Seketika saja Leony merasa tak nyaman. Karena jelas sekali, pada saat itu pula, mendadak saja seperti ada suara Eros yang menggema di benaknya. Seolah ingin mengingatkannya. Tentang hal yang semula tidak ia mengerti.

"Jangan deket-deket sama cowok lain, Ny."

Ya ampun.

Bola mata Leony membesar. Dengan jantung yang langsung berdegup. Seperti dirinya adalah polisi yang baru saja menemukan barang bukti pembunuhan berantai.

Namun, berbeda di mata Sony, cowok itu justru merespon dengan beda sikap Leony. Mengira bahwa cewek itu terkejut dengan pengakuannya. Hingga kemudian, ia lanjut berkata.

"Sebenarnya, tempo hari itu aku nggak sengaja denger obrolan kamu sama Miska sih. Ehm ... kayaknya kamu dan Eros berantem."

Mata Leony mengerjap-ngerjap. Sekarang ia memaksa otaknya untuk berpikir.

Eh?

Kapan aku dan Eros berantem?

Bukannya akhir-akhir ini kami berantemnya di kasur terus ya?

Ternyata, kejadian itu pun sudah nyaris menghilang dari ingatan Leony. Hingga ia butuh waktu beberapa detik lamanya untuk bisa mengingat kembali. Itu pun karena ucapan Sony selanjutnya. Yang sedikit banyak memberikan Leony petunjuk.

"Waktu kamu dimarahin Bu Donda sampe dia kena migrain," ujar Sony kemudian. "Aku nyusul kamu dan Miska. Sebenarnya nggak niat buat nguping, cuma nggak sengaja aja denger."

"Ehm ... itu ...."

Dengan tak nyaman, Leony menggaruk tekuknya. Berpikir, berusaha untuk menemukan jalan agar bisa keluar dari situasi yang tidak mengenakkan itu.

"Aku nggak habis pikir aja. Kenapa Eros harus gitu sama kamu?

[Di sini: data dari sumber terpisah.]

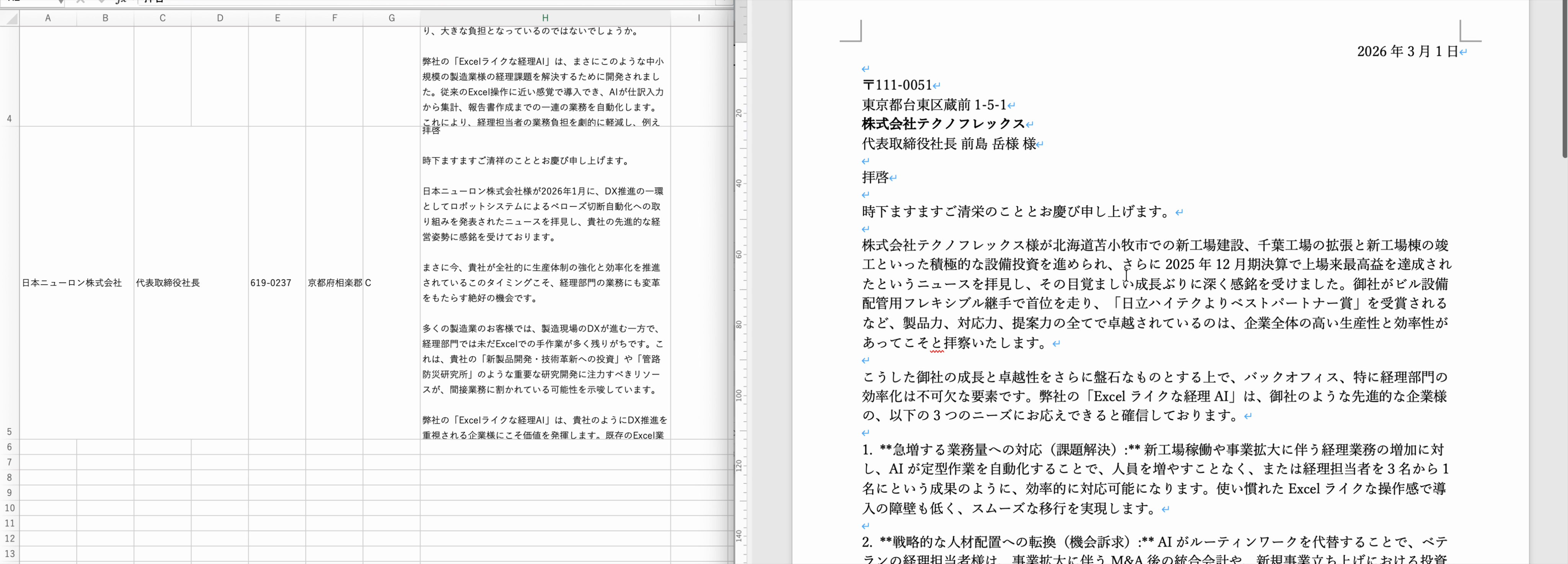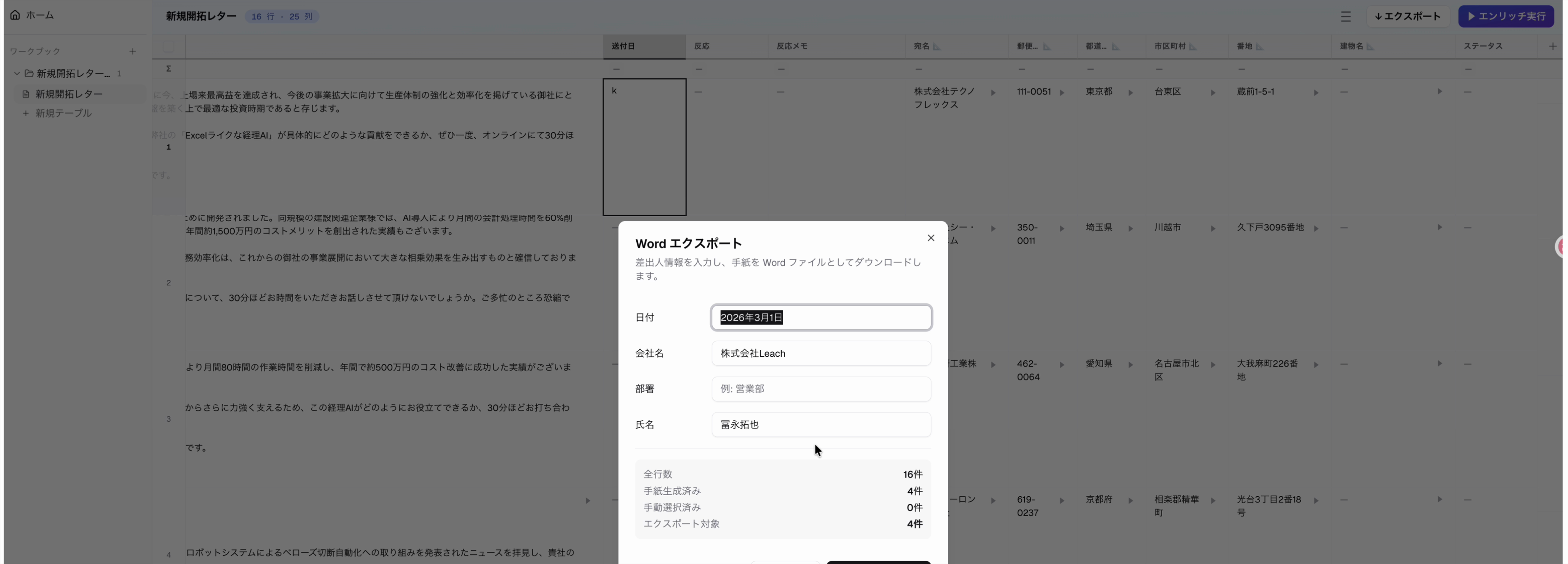新規開拓レターテンプレートで AI が生成した手紙を、宛名・住所付きの Word(DOCX)ファイルとしてダウンロードできます。印刷して封筒に入れ、そのまま郵送できます。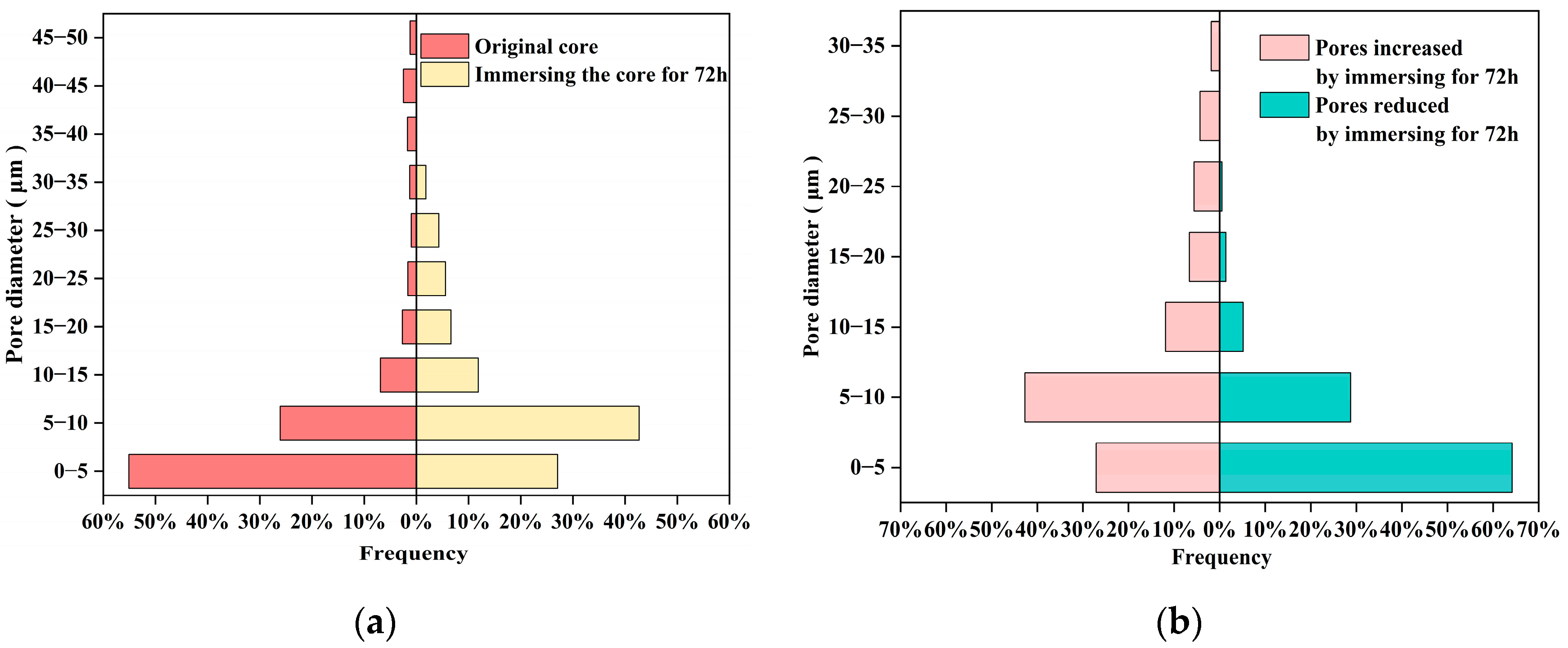 - Hydration by fracturing fluids induces a dynamic evolution in reservoir pore structures, termed “damage–reconstruction.” After 72 h of hydration, both core types experience a net reduction in pore volume. However, shale oil cores demonstrate a superior capacity for pore reconstruction, wherein original micropores interconnect and coalesce to form larger pore networks, highlighting their enhanced potential for structural modification compared to gas cores.

Padahal kamu udah berusaha jadi istri yang baik buat dia."

Leony tertegun. Dan hal itu tentu saja dimanfaatkan Sony untuk melanjutkan perkataannya.

"Kamu udah ngurusin dia. Dari pakaian sampe makanan, tapi kenapa juga dia malah buat kamu suka marah-marah? Dia benar-benar nggak beruntung jadi cowok."

Menarik napas dalam-dalam, Leony merasakan oksigen pelan-pelan memberikan dirinya sedikit ketenangan. Namun, tetap saja. Tidak cukup mampu untuk menyingkirkan rasa tidak enak yang mendadak saja tumbuh di dadanya. Rasanya membuat ia seperti sesak.

"Dia harusnya mikir kalau nggak seharusnya dia gitu sama kamu. Apalagi sampe nyia-nyiakan makanan yang udah kamu masak buat dia. Nggak bersyukur banget jadi cowok."

Itu ... sudah terjadi beberapa bulan yang lalu. Mungkin sekitar tiga bulan yang lalu. Tapi, sungguh. Ketika Sony mengatakannya, mengungkitnya kembali, mendadak saja Leony seperti terlempar ke masa itu. Aneh, tapi ajaib. Seketika saja Leony dihinggapi oleh rasa sedih itu lagi

Hingga tak pelak lagi, dalam hitungan detik, Leony merasakan rasa kebas di matanya. Seperti panas. Dan sesuatu terasa menyumpal pangkal tenggorokannya.

"Son ...."

Dan Sony melihat, bagaimana ekspresi sedih yang langsung tercetak di wajah Leony. Hingga matanya membesar.

"Ny ...."

Sony menggeser kursinya. Mendekati Leony. Dan meraih tangan cewek itu.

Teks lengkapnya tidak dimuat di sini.